Berkaitan dengan hadits Nabi Shallallahu Alaihi Wasallam di atas, Imam Ibnu Rajab Al-Hanbali (wafat 795 H) mengingatkan kepada kita semua perihal puasa orang yang tidak bisa menjaga anggota tubuhnya dari hal-hal yang dilarang, hanya akan menjadikan dirinya semakin dimurkai oleh Allah Subhanahu Wa Ta’ala.
Ia mengatakan:
“Setiap shalat malam yang tidak dapat mencegah dari perbuatan keji dan mungkar, maka hanya akan menambah jauh pelakunya (dari Allah); dan setiap puasa yang tidak dijaga dari perkataan dan perbuatan dusta, maka hanya akan mewariskan kemurkaan dan penolakan kepada pelakunya (dari Allah).
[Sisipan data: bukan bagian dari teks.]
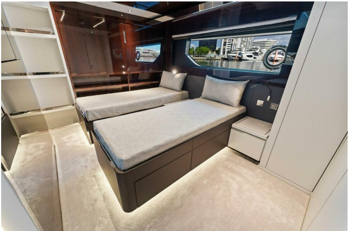
Riva Dolcevita 110 - Starboard Forward Guest Stateroom 2024 Riva Dolcevita 110
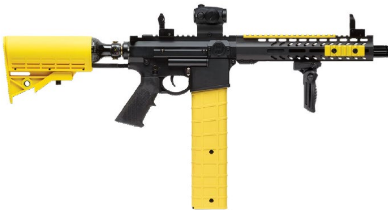
PepperBall VKS PRO
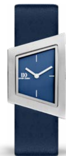
BLUE BLUE IV22Q1207
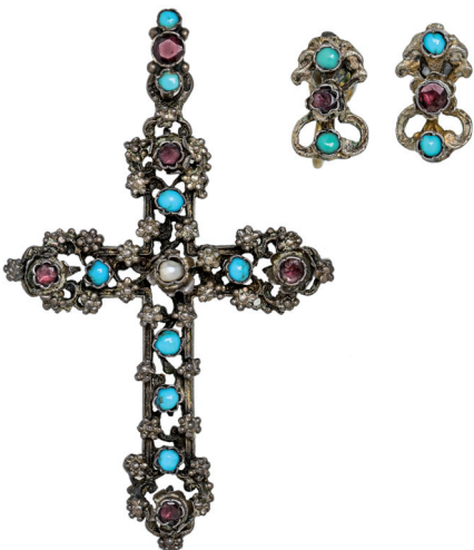
343* Hungarian silver crucifix, 1860's, with a garnet set at each point and a pearl at the centre, turquoise set between, with a matching set of silver and brass screw on earrings. Very fine; earrings fine. (3)
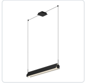
LP73536-BK/WH- UNV Black/White

Wahai kaum, di mana bekas puasa dan cahaya shalat malam?” (Ibnu Rajab, Lathaiful Ma’arif fi Ma li Mawasimil ‘amm minal Wadhaif, [Daru Ibni Hazm: 2004], juz I, halaman 183).
Semua penjelasan di atas berbanding lurus dengan firman Allah Subhanahu Wa Ta’ala dalam Al-Quran, bahwa Dia hanya akan menerima amal ibadah dari orang-orang yang bertakwa.
Dalam surat Al-Ma’idah disebutkan:
“Sesungguhnya Allah hanya akan menerima (amal) dari orang yang bertakwa.” (QS Al-Ma’idah: 27).
Syekh Wahbah Az-Zuhaili dalam tafsirnya mengatakan bahwa yang dimaksud “al-muttaqin” pada ayat di atas adalah orang-orang yang takut kepada Allah, sehingga ia tidak menyekutukan-Nya, dan menjauhi segala larangan-Nya. Ia tidak mencari pujian dari manusia, tidak berbohong, tidak berkata kotor, dan hanya menjadikan Allah sebagai akhir dari tujuan ibadah. (Wahbah bin Musthafa Az-Zuhaili, Tafsirul Munir, [Beirut, Darul Fikr: 1418 H], juz VI, halaman 154).
Puasa yang tidak bisa menumbuhkan ketakwaan dalam diri kita semua, hanya akan mendapatkan murka dari Allah Subhanahu Wa Ta’ala. Karenanya, mari kita jaga puasa kita dengan benar. Hindari setiap sesuatu yang bisa merusak eksistensi puasa, agar semua ibadah yang kita lakukan di bulan Ramadhan ini menjadi ibadah yang diterima oleh Allah, Aamiin. Wallahua’lam.